Data to examine
.....
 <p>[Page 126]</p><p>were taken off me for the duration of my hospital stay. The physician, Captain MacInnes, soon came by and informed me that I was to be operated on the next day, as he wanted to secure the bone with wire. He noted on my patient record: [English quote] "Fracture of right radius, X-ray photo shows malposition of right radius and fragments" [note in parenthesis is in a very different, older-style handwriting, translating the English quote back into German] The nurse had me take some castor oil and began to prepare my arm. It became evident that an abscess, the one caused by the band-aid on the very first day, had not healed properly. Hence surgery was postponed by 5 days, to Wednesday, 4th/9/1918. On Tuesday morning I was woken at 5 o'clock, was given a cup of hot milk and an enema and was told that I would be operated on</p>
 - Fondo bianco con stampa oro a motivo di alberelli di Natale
.....
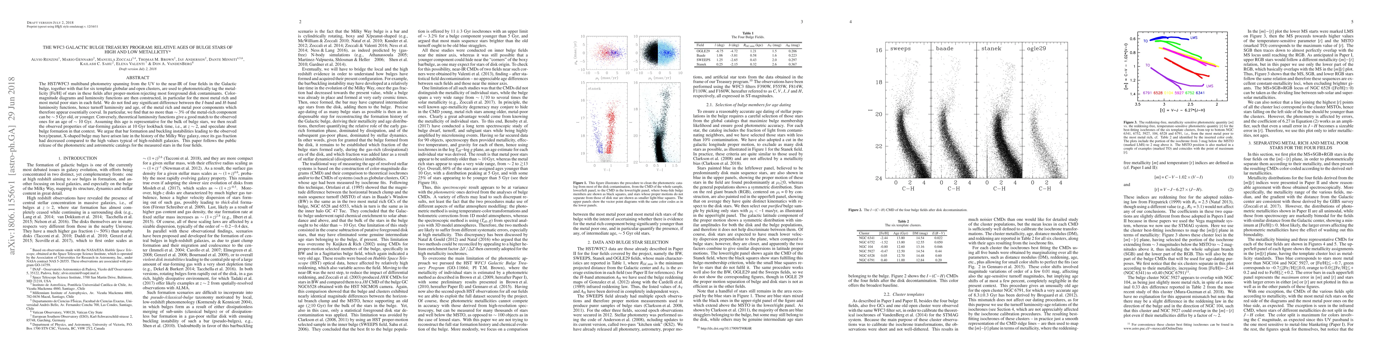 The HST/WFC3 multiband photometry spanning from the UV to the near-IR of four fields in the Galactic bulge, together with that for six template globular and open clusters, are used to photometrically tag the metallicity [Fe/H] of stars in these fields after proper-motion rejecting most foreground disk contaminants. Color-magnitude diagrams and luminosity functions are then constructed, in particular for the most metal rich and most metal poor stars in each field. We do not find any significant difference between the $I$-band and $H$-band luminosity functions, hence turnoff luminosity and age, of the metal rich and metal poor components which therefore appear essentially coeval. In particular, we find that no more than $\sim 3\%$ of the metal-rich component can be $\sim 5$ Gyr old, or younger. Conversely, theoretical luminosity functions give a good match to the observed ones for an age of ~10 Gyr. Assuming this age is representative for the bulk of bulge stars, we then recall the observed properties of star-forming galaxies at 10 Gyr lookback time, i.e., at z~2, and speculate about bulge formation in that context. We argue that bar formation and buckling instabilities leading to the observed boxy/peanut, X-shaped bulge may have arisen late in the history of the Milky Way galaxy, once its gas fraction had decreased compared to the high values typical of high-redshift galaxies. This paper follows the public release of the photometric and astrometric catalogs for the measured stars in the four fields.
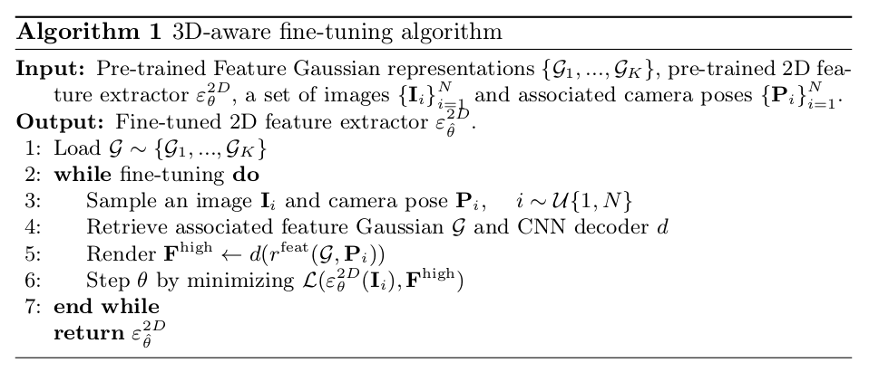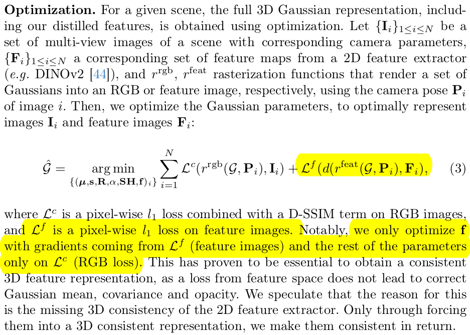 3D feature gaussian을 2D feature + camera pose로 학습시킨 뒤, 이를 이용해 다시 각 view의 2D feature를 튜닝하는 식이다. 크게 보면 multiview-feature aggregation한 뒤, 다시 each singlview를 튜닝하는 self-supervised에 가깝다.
.....
Instructions for the task
From the listing above, output exactly the run of lines that starts with the line containing "<p>[Page 126]</p><p>were taken" and ends with the line containing "- Fondo bianco".

Task answer
 <p>[Page 126]</p><p>were taken off me for the duration of my hospital stay. The physician, Captain MacInnes, soon came by and informed me that I was to be operated on the next day, as he wanted to secure the bone with wire. He noted on my patient record: [English quote] "Fracture of right radius, X-ray photo shows malposition of right radius and fragments" [note in parenthesis is in a very different, older-style handwriting, translating the English quote back into German] The nurse had me take some castor oil and began to prepare my arm. It became evident that an abscess, the one caused by the band-aid on the very first day, had not healed properly. Hence surgery was postponed by 5 days, to Wednesday, 4th/9/1918. On Tuesday morning I was woken at 5 o'clock, was given a cup of hot milk and an enema and was told that I would be operated on</p>
 - Fondo bianco con stampa oro a motivo di alberelli di Natale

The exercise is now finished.